02-3630. Self-Regulatory Organizations; Notice of Filing of Proposed Rule Change by the Philadelphia Stock Exchange, Inc. Relating to Aggregation of Individual Violations of Exchange Order Handling Rules and Option Floor Procedure Advices  

  • Start Preamble February 7, 2002.

    Pursuant to section 19(b)(1) of the Securities Exchange Act of 1934 (“Act”),[1] and Rule 19b-4 thereunder,[2] notice is hereby given that on December 18, 2001, the Philadelphia Stock Exchange, Inc. (“Phlx” or “Exchange”) filed with the Securities and Exchange Commission (“Commission”) the proposed rule change as described in Items I, II, and III below, which Items have been prepared by the Exchange. The Commission is publishing this notice to solicit comments on the proposed rule change from interested persons.

    I. Self-Regulatory Organization's Statement of the Terms of Substance of the Proposed Rule Change

    The Exchange proposes to amend Exchange Rule 960.2(f), Determination to Initiate Charges, and Exchange Rule 970 concerning the Exchange's minor rule violation enforcement and reporting plan (“Minor Rule Plan”),[3] by clarifying that the Exchange may aggregate, or “batch,” individual violations of Exchange order handling rules and Option Floor Procedure Start Printed Page 6962Advices (“OFPAs”) [4] and consider such “batched” violations as a single offense.

    The proposed rules would also expressly provide that, as an alternative to “batching” of order handling violations, in certain circumstances in which the Exchange determines that there exists a pattern or practice of violative conduct without exceptional circumstances, or when any single instance of violative conduct without exceptional circumstances is deemed to be egregious, the Exchange may refer the matter to the Business Conduct Committee (“BCC”) for possible disciplinary action.

    The text of the proposed rule change is available at the Phlx's Office of the Secretary and at the Commission.

    II. Self-Regulatory Organization's Statement of the Purpose of, and Statutory Basis for, the Proposed Rule Change

    In its filing with the Commission, the Exchange included statements concerning the purpose of and basis for the proposed rule change and discussed any comments it received on the proposed rule change. The text of these statements may be examined at the places specified in Item IV below. The Exchange has prepared summaries, set forth in sections A, B, and C below, of the most significant aspects of such statements.

    A. Self-Regulatory Organization's Statement of the Purpose of, and Statutory Basis for, the Proposed Rule Change

    (1) Purpose

    The purpose of the proposed rule change is to clarify that the Exchange may consider an aggregate number of violations of order handling rules and OFPAs[5] as one single offense for purposes of initiating disciplinary action under Exchange rules, or imposing fines pursuant to fine schedules set forth in the relevant OFPAs under the Exchange's Minor Rule Plan.[6] The Exchange believes that such aggregation of order handling violations would enable the Exchange's Market Surveillance Department to identify, through exception reporting and through on-floor surveillance,[7] members and member organizations that fail to meet acceptable compliance thresholds for such rules and OFPAs, and to determine whether to impose fines pursuant to the Exchange's Minor Rule Plan or refer the matter to the BCC for consideration of formal disciplinary action.[8]

    The proposed rule change contemplates that aggregation of order handling violations in every instance may not be appropriate.
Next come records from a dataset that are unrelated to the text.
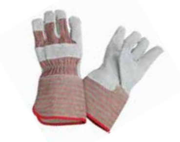
DTC-202 S Heavy Duty Super Grade Selected Grey Side Split Leather Palm, Drill Cloth Back with Lining Inside, Elastic Tensioner ,Knuckle Strap Back, Rubberized Safety Cuff, Size 10.5 Inches
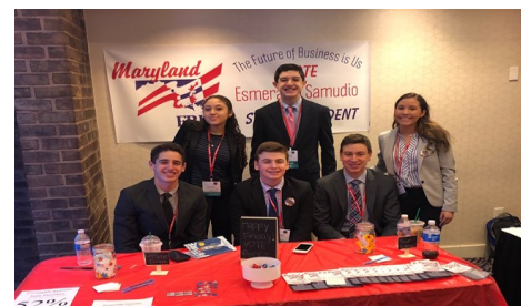
Franklin High School FBLA members at the State Leadership Conference. March 2018.
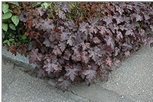
Stormy Seas Coral Bells

Stormy Seas Coral Bells is recommended for the following landscape applications;
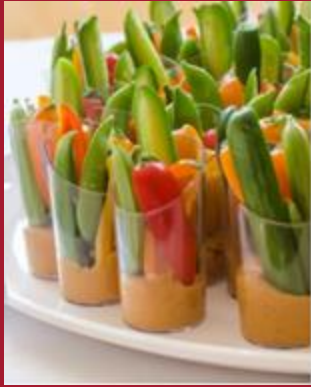
Hummus with Veggies
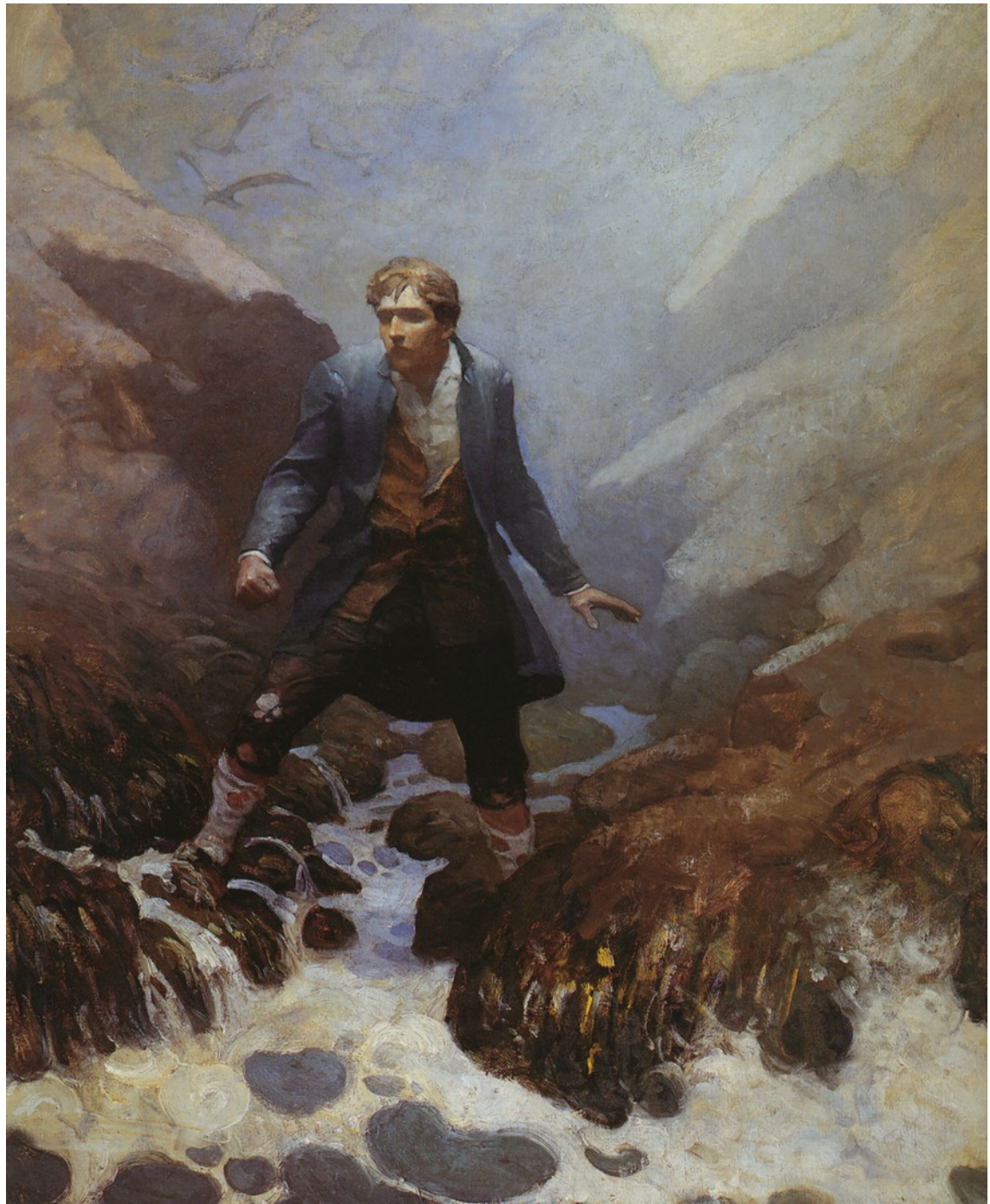
Kidnapped illustration by NC Wyeth
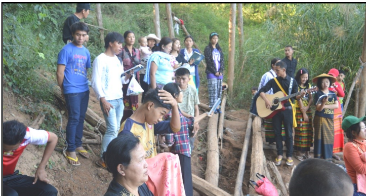
Praising at the Baptism Site
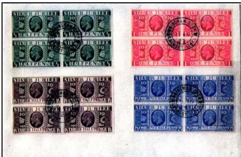
Immingham Dock, Grimsby, Lincs. cancelled cover
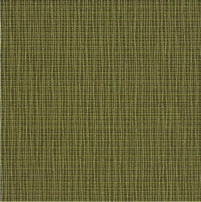
Bliss, 3908 Bouquet

Content: 75% Repreve® Post Consumer Recycled Polyester; 25% Polyester

The proposed rule change provides two alternatives to aggregation. First, the Exchange may refer the matter to the BCC for possible disciplinary action when the Exchange determines that there exists a pattern or practice of violative conduct without exceptional circumstances. The Exchange believes that the provision relating to a pattern or practice of order handling violations would enable it to identify and discipline repeat offenders, and should ultimately deter such conduct and encourage member organizations to remain compliant with the requirement.

    As a second alternative to aggregation, the proposed rules would provide that, when any single instance of violative conduct without exceptional circumstances is deemed to be egregious, the Exchange may refer the matter to the BCC for possible disciplinary action. The Exchange could determine that a single instance of violative conduct is so flagrant that such an instance would not be appropriate for aggregation under the proposed rule change.[9] The Exchange believes that this provision would allow it to discipline egregious offenders appropriately and expeditiously when the offense rises above the aggregation threshold.

    The Exchange believes that the aggregation proposal, in conjunction with the alternatives to aggregation relating to a pattern or practice of order handling violations or an egregious order handling violation, provide it with the means to enforce Exchange order handling rules in a manner that should ultimately deter such conduct and result in fewer violations.

    (2) Statutory Basis

    The Exchange believes that the proposed rule change is consistent with section 6(b) of the Act,[10] in general, and furthers the objectives of section 6(b)(5) of the Act,[11] in particular, in that it is designed to perfect the mechanisms of a free and open market and the national market system, protect investors and the public interest and promote just and equitable principles of trade by codifying the way in which order handling violations will be enforced.

    B. Self-Regulatory Organization's Statement on Burden on Competition

    The Exchange does not believe that the proposed rule change will impose any inappropriate burden on competition.

    C. Self-Regulatory Organization's Statement on Comments on the Proposed Rule Change Received From Members, Participants, or Others

    No written comments were either solicited or received.

    III. Date of Effectiveness of the Proposed Rule Change and Timing for Commission Action

    Within 35 days of the date of publication of this notice in the Federal Register or within such longer period (i) as the Commission may designate up to 90 days of such date if it finds such longer period to be appropriate and Start Printed Page 6963publishes its reasons for so finding, or (ii) as to which the Exchange consents, the Commission will:

    A. By order approve such proposed rule change; or

    B. Institute proceedings to determine whether the proposed rule change should be disapproved.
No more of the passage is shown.